Required work:
Reproduce exactly only the lines from the line that holds "1980(?) г. Разм." to the line that holds "1962 г. Разм.", inclusive, in the listing below, and please leave out every picture.

Provided data:
+ + + + + + +

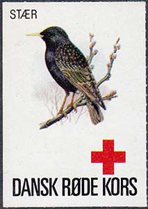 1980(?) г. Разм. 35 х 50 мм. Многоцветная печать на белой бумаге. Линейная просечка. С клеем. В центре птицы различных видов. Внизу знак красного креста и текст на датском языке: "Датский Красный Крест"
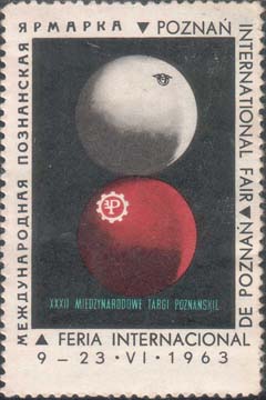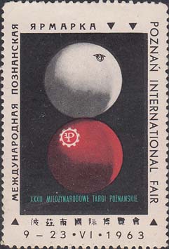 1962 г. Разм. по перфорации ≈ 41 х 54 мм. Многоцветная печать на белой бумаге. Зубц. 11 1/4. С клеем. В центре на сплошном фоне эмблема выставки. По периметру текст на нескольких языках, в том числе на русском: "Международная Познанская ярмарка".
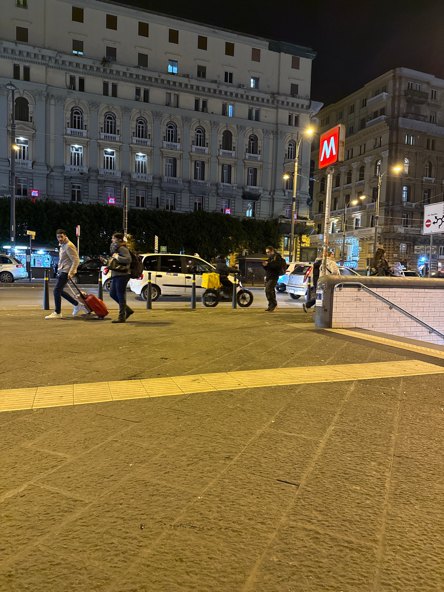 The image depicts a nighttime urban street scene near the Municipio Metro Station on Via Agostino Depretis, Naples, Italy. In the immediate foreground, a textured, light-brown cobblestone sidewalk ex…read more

+ + + + + + +

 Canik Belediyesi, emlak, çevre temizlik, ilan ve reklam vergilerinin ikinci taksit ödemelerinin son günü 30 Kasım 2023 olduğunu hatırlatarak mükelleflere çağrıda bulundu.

+ + + + + + +

Result:
 1980(?) г. Разм. 35 х 50 мм. Многоцветная печать на белой бумаге. Линейная просечка. С клеем. В центре птицы различных видов. Внизу знак красного креста и текст на датском языке: "Датский Красный Крест"
 1962 г. Разм. по перфорации ≈ 41 х 54 мм. Многоцветная печать на белой бумаге. Зубц. 11 1/4. С клеем. В центре на сплошном фоне эмблема выставки. По периметру текст на нескольких языках, в том числе на русском: "Международная Познанская ярмарка".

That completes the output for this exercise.